WORK REQUEST —
Please set down each entry exactly, omitting any picture it holds.

Stored entries —
* * * *

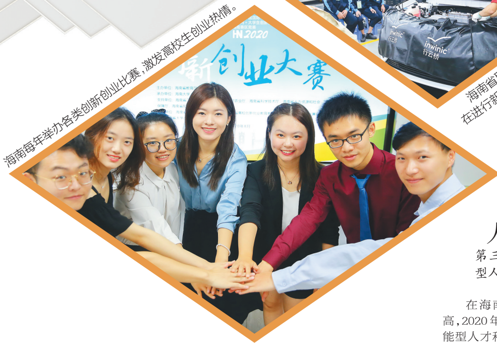
海南每年举办各类创新创业大赛，激发高校毕业生创业热情。

▲自贸港政策成毕业生留琼“吸金石” 海南提供70多项人才举措和“一站式”服务，86.34%的应届毕业生对政策有所了解
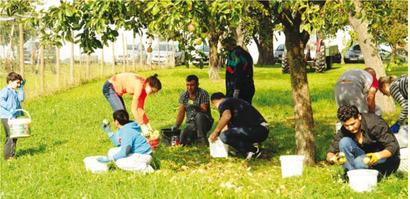
Obstklaubm - nix waviastn! Asylwerber klaben gemeinsam mit freiwilligen Helfern das auf den Streuobstwiesen liegende Obst.

Das Sozialprojekt „Obstklaubm - nix waviastn“ hat sich zum Ziel gesetzt, Streuobst, das auf den Wiesen liegen bleibt und die Zeit von Menschen im Asylwerberheim, die nicht arbeiten dürfen, zusammen zu bringen.
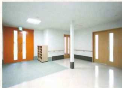
Ⓑ 広々としたエントランス(1階)

* * * *

ANSWER BOX —
海南每年举办各类创新创业大赛，激发高校毕业生创业热情。

▲自贸港政策成毕业生留琼“吸金石” 海南提供70多项人才举措和“一站式”服务，86.34%的应届毕业生对政策有所了解
Obstklaubm - nix waviastn! Asylwerber klaben gemeinsam mit freiwilligen Helfern das auf den Streuobstwiesen liegende Obst.

Das Sozialprojekt „Obstklaubm - nix waviastn“ hat sich zum Ziel gesetzt, Streuobst, das auf den Wiesen liegen bleibt und die Zeit von Menschen im Asylwerberheim, die nicht arbeiten dürfen, zusammen zu bringen.
Ⓑ 広々としたエントランス(1階)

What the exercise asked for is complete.